2. The facts not in dispute are that the applicant/contractor was awarded work for excavation of Chachai Distributary from Ch. 95 to Ch. 225 as part of the Bansagar Multipurpose River Valley Project. The contractor was sanctioned a total loan of Rs. 5 lacs for purchase of machinery which was an excavator/loader. The amount of advance was repayable with interest by the contractor and could be adjusted against the running bills. A sum of Rs. 69,000/- against the advance of 2 lacs for the sanctioned loan was recovered from the contractor. According to the department, the contractor, against the terms of the contract, removed the machinery from the work-site for his use in some other work. Since the machinery was hypothecated with the department and was specifically purchased for being used for the contract work in question, a police report was made for offence under Section 406 I.P.C. and the machinery was seized and given on Supurdnama to the contractor. The above incident in which the contractor denied commission of any offence of breach of trust led to dispute between the parties and the contract awarded to the contractor was not completed by him.

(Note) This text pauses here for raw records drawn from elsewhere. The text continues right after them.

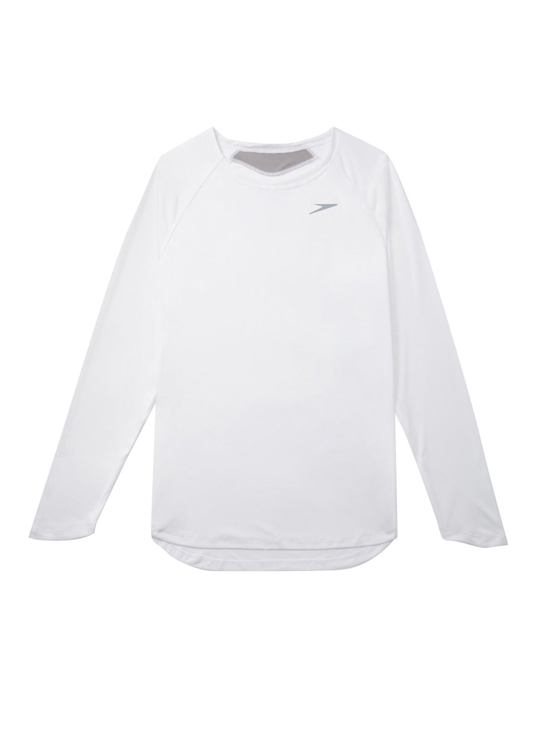 Cover up in the pool wearing the Speedo Men's Long Sleeve Training Shirt. Tis crewneck style is made from quick-drying Speedo Eco fabric enhanced with Block the Burn UPF 50+ for built-in sun protection.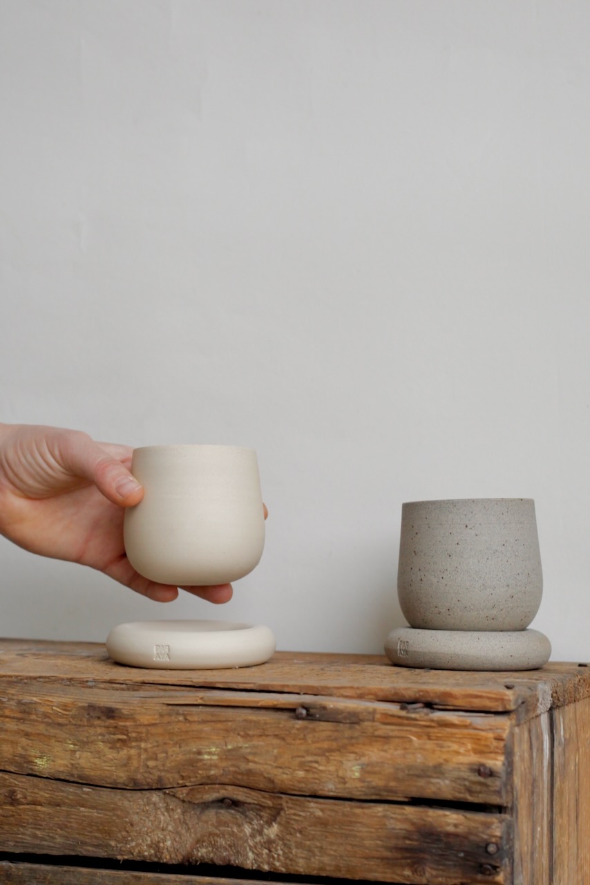 Minimalistic version of our seesaw cup, that comes with a dognut coaster to stop your coffee from sloshing around.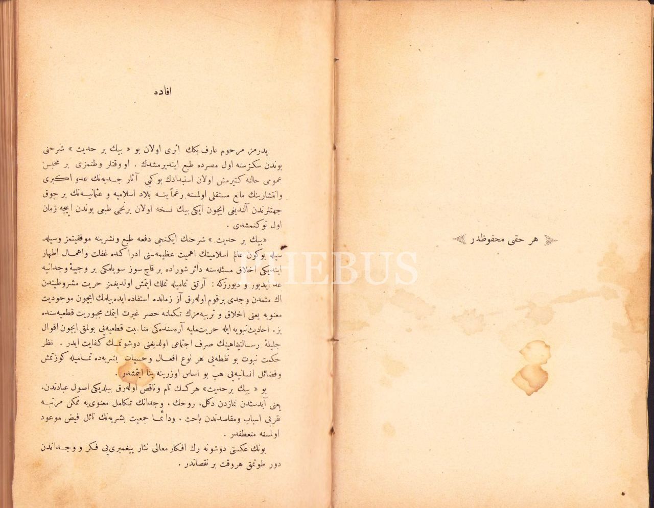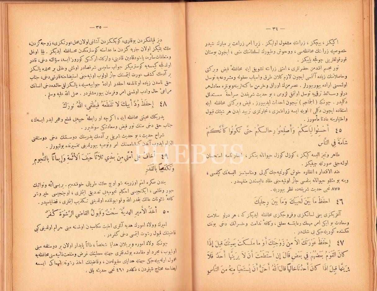 Osmanlıca-Arapça Bin Bir Hadîs, Mehmed Arif, Ceride Matbaası, Kahire 1325, 468 s., 16x24 cm, cildi ve birkaç sayfası hafif yıpranmış haliyle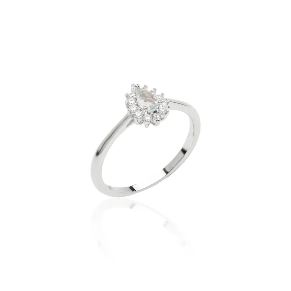 O Anel Gota é feito em prata 925 legítima, com uma pedra central em formato de gota cercada por microzircônias. Um design clássico, leve e encantador que combina com qualquer ocasião.
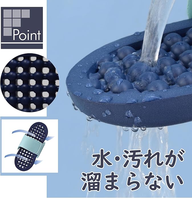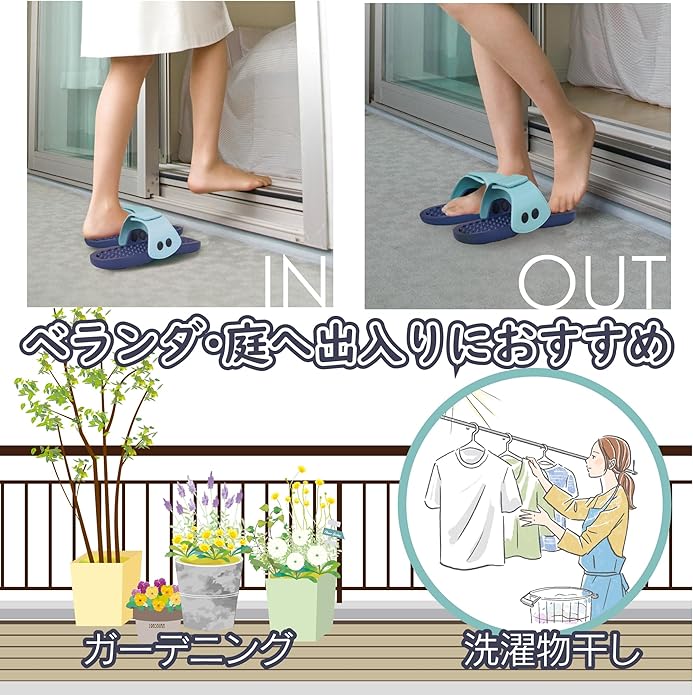 【手軽に履けて整頓不要だから様々な場所で】出入りが頻繁な玄関、勝手口、ベランダ、縁側用におすすめ。また水や汚れが溜まりにくい仕様のため衛生的に使え、ユニットバスや屋根のないベランダにも◎※外履き用ではございません、長時間の歩行には適しません。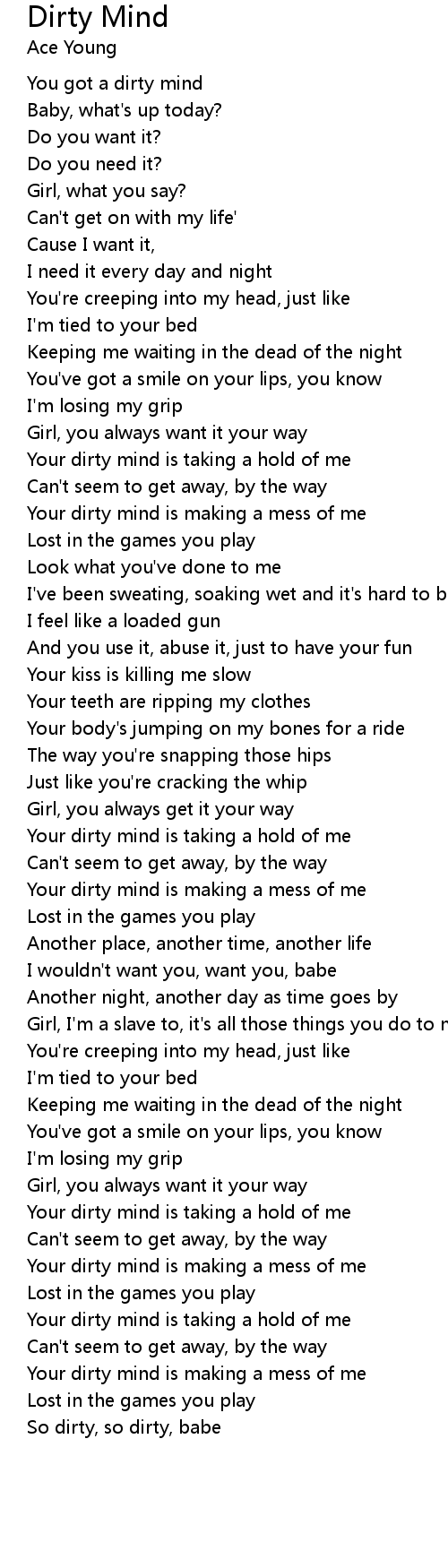 | Your dirty mind is taking a hold of me | |

3. The contractor made reference of the dispute to the Arbitration Tribunal and laid a claim for loss and damage on several heads in the total sum of Rs. 5,60,000/- and claimed interest thereon at the rate of 18% per annum.

4. The department not only opposed the claim alleging breach on the part of the contractor but also filed a counter- claim for recovery of loss caused to the department in getting the unfinished work done through another agency. A seperate claim was laid in the sum of Rs. 1,43,439/- as the balance amount payable by the contractor for return of the money advanced for purchase of machinery including interest thereon.

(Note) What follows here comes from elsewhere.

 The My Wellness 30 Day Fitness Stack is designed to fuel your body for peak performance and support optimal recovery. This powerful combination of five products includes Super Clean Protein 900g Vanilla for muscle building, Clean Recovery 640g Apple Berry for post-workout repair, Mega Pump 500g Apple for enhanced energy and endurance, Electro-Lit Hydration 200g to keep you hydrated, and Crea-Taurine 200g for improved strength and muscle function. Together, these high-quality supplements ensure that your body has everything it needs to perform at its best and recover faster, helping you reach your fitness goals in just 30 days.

5. The Arbitration Tribunal by the impugned award held that there was no breach on the part of the department. The Tribunal, therefore, dismissed the whole claim laid by the contractor. The Tribunal also rejected the claim of the department for recovery of loss for getting the unfinished work executed through another agency. It, however, accepted the counter-claim of the department only to the extent of Rs. 1,43,439/- as the loan liable to be returned by the contractor with interest for the money advanced for purchase of machinery. The amount of loan with interest payable upto the date of filing of the counter-claim and future interest on the outstanding amount of loan till the date of payment has been awarded.

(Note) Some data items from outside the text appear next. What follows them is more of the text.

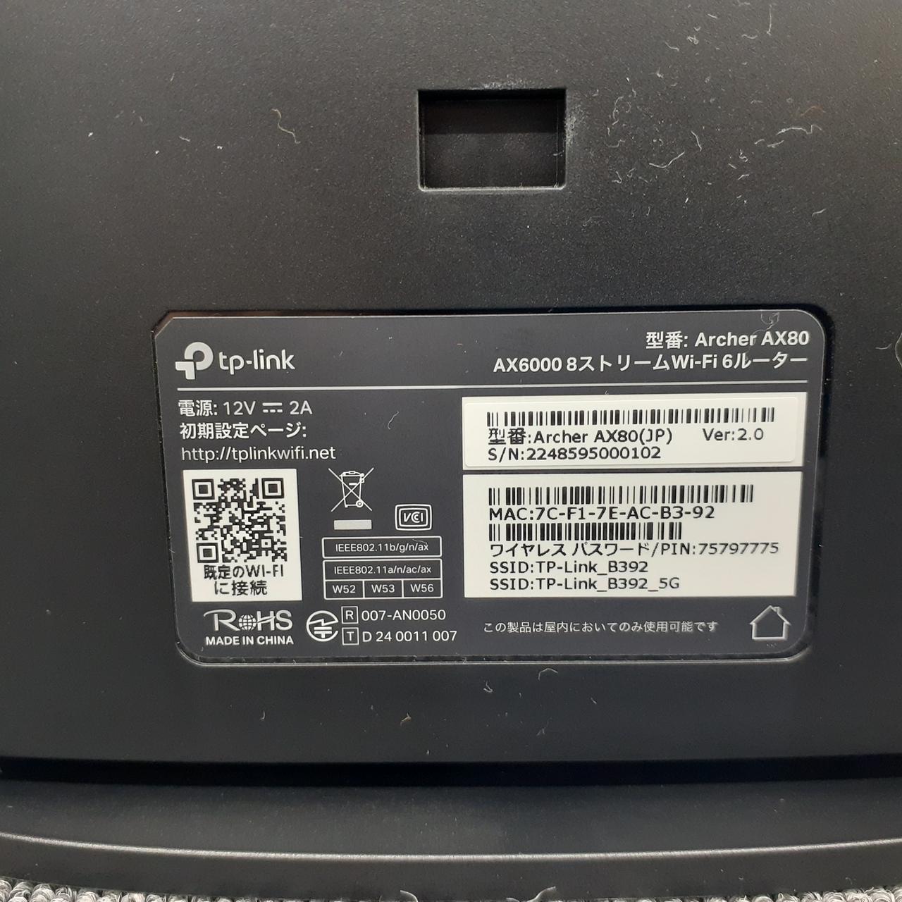 周波数:2.4/5GHZ IPV6:○ セキュリティ規格:WPA/WPA2/WPA3 |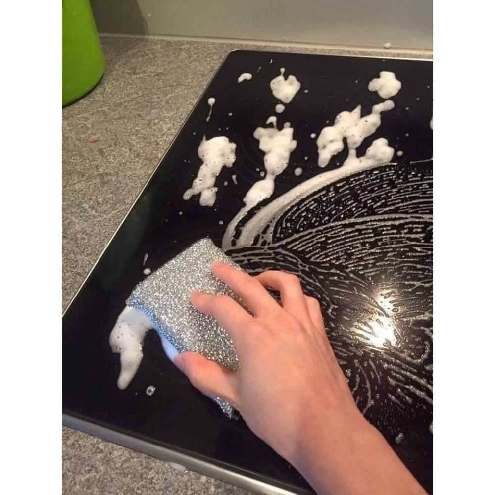 - Cũng có thể dùng để vệ sinh mặt bếp từ, cọ bồn rửa mặt, dùng vệ sinh đa năng chứ không đơn thuần là rửa bát.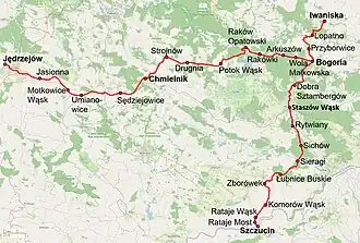 Die Strecke begann am Normalspur-Bahnhof Jędrzejów, von wo aus sie nach Südwesten zum Bahnhof Umianowice führte. Hier befand sich ein Gleisdreieck mit einer Abzweigung nach Pińczów. Geradeaus verlief die Strecke über Hajdaszek und Włoszczowice zum Kreuzungsbahnhof in Bogoria. Dort zweigten zwei Nebenstrecken nach Norden und Osten ab, die nominelle Hauptstrecke führte aber in südlicher Richtung nach Szczucin.[5] Sie überquerte die Weichsel erst auf einer 1925 errichteten Holzbrücke und dann auf einer 1939 errichteten und 1953 neu errichteten Metallbrücke.

6. Learned counsel Shri Kishore Shrivastava appearing for the petitioner, in view of the limited scope for interference by this Court in revisional jurisdiction, could not assail the finding of the Tribunal against the contractor that there was no breach of contract on the part of the department. The award of the Tribunal has been challenged only on two grounds. The first ground urged is that under the provisions of the Act, the rules and the regulations framed thereunder, the Tribunal had no jurisdiction to entertain a counter-claim submitted by the State and pass an award on the same. The second ground urged is that except for filing a statement in the form of Schedule to the counter-claim, the department led no evidence in support of its claim and mere production of the statement of accounts should not have been relied by the Tribunal to pass an award in favour of the department.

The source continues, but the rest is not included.